Source material:
____
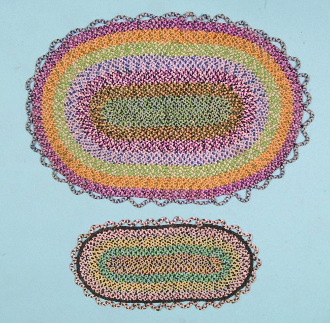 Two Oval Multi Colored Braided Table Mats, 16"l. a
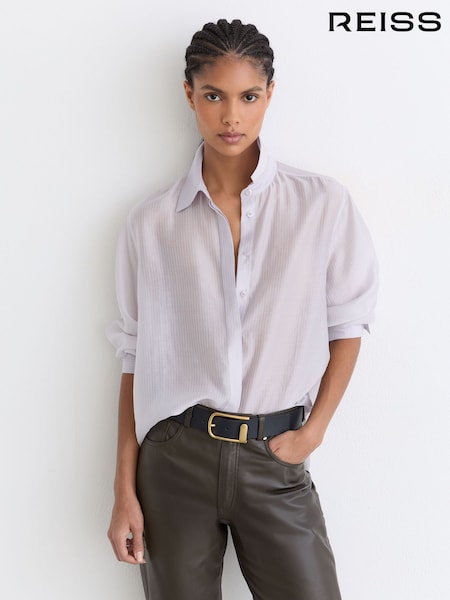 Reiss Navy Elora Leather Oval-Buckle Belt
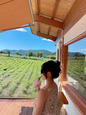 ▪️A cafe with a tea mountain viewing platform, perfect for relaxing, drinking coffee, and looking at the tea garden terraces in the distance, feeling a long-lost sense of relaxation.
____
Exercise requirements: Give back the material exactly as written, images excluded.

Task solution:
 Two Oval Multi Colored Braided Table Mats, 16"l. a
 Reiss Navy Elora Leather Oval-Buckle Belt
 ▪️A cafe with a tea mountain viewing platform, perfect for relaxing, drinking coffee, and looking at the tea garden terraces in the distance, feeling a long-lost sense of relaxation.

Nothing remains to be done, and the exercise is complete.